Cosine: The Coding Agent for Engineers with Taste
Cosine: The Coding Agent for Engineers with Taste cover image

We built Cosine around the simple belief that coding agents should reflect developer taste.

Most products in this category still optimize for first impressions, simplified workflows, and the broadest possible audience. We think that is the wrong way to build for serious engineers.

Cosine is built for developers who care about architecture, maintainability, visibility, directness, and control. Our focus is on the developers who have to work inside real codebases, respect existing systems, and live with the consequences of every commit they make.

That point of view shapes the whole product. Cosine is a complete system for AI-native software engineering: a CLI, a native desktop application, a cloud platform, and a VS Code extension. Four surfaces, one agent runtime, built for developers who share our taste in tools and software.

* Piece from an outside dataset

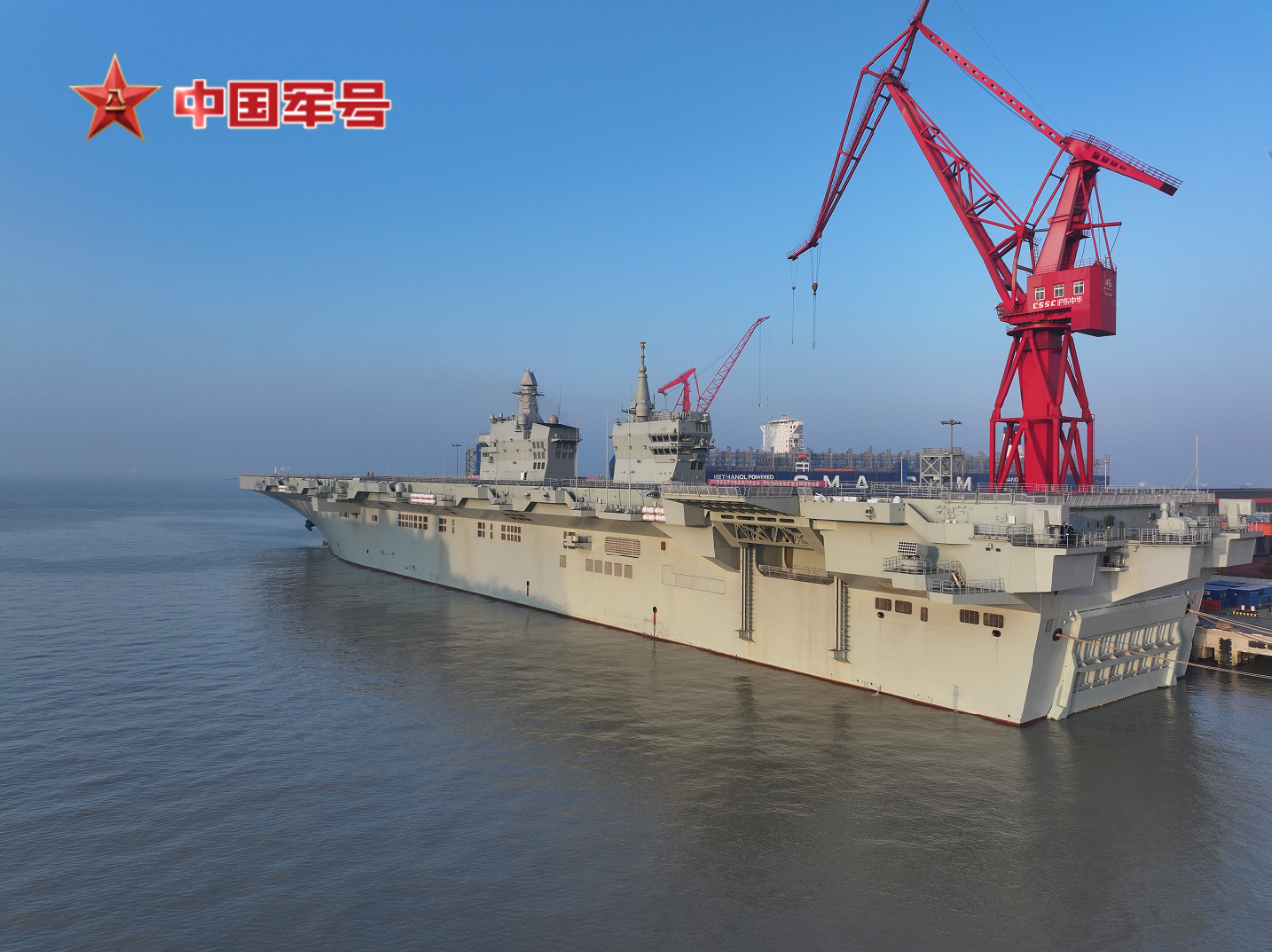 在五艘拖船的牵引下,四川舰离开沪东中华造船厂码头驶向相关海域。四川舰舷号为51,是海军新一代两栖攻击舰,满载排水量4万余吨,设置双舰岛式上层建筑和全纵通飞行甲板,创新应用电磁弹射和阻拦技术,可搭载固定翼飞机、直升机、两栖装备等。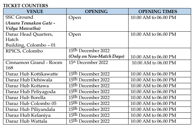 ඒ අනුව Daraz ( https://click.daraz.lk/e/_6gJbD ) ඔස්සේ අන්තර්ජාලය හරහා ප්රවේශ පත්ර මිලදී ගත හැකි බවයි ක්රිකට් ආයතනය නිවේදනය කළේ.

From your first terminal command to remote agents running in parallel, Cosine gives engineers one agent system that scales with the way serious developers already work, instead of forcing them into a watered-down workflow designed for mass appeal.

That is the product we wanted ourselves. So that is the product we built.

Built the way developers want to work

Cosine is opinionated by design. We built it for engineers who want a coding agent to behave like a serious engineering tool: grounded in real environments, capable of taking action, and accountable to the standards of a real codebase.

This is where our philosophy differs from much of the market. We have deliberately chosen a more demanding path; one that prioritizes visibility over simplification, usefulness over likability, and maintainability over shallow velocity.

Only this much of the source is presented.